**THE TASK:**
Leave out every picture, and output exactly the lines from the line containing "据澎湃新闻:成都哈拜网络科技" through the last line of the data.
(GIVEN DATA)
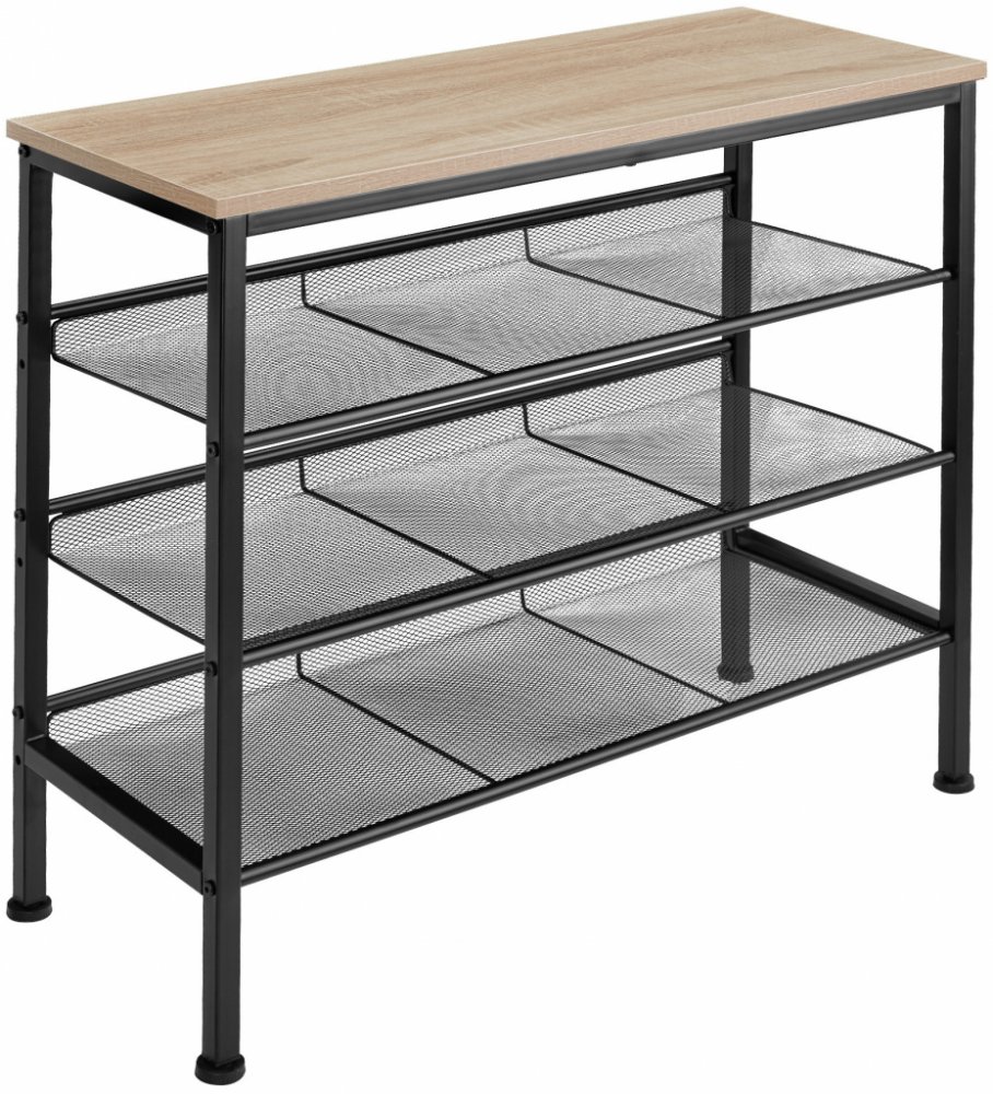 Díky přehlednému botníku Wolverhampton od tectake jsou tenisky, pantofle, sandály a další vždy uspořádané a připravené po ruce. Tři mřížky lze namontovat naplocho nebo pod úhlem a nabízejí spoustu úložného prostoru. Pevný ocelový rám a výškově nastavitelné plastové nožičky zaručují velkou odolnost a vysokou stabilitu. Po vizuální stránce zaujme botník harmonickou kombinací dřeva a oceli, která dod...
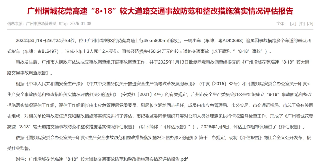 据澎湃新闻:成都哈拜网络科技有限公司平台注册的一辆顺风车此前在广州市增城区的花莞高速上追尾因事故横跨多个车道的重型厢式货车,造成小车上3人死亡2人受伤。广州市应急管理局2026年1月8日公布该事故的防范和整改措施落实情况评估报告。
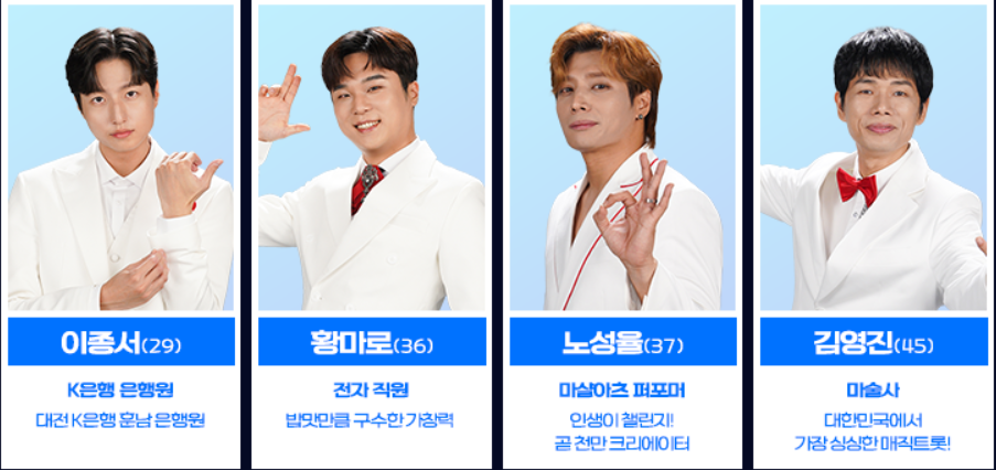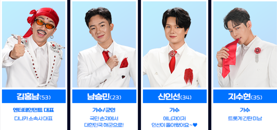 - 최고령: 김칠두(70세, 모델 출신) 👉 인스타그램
(End GIVEN DATA)
**RESULT OF THIS TASK:**
 据澎湃新闻:成都哈拜网络科技有限公司平台注册的一辆顺风车此前在广州市增城区的花莞高速上追尾因事故横跨多个车道的重型厢式货车,造成小车上3人死亡2人受伤。广州市应急管理局2026年1月8日公布该事故的防范和整改措施落实情况评估报告。
 - 최고령: 김칠두(70세, 모델 출신) 👉 인스타그램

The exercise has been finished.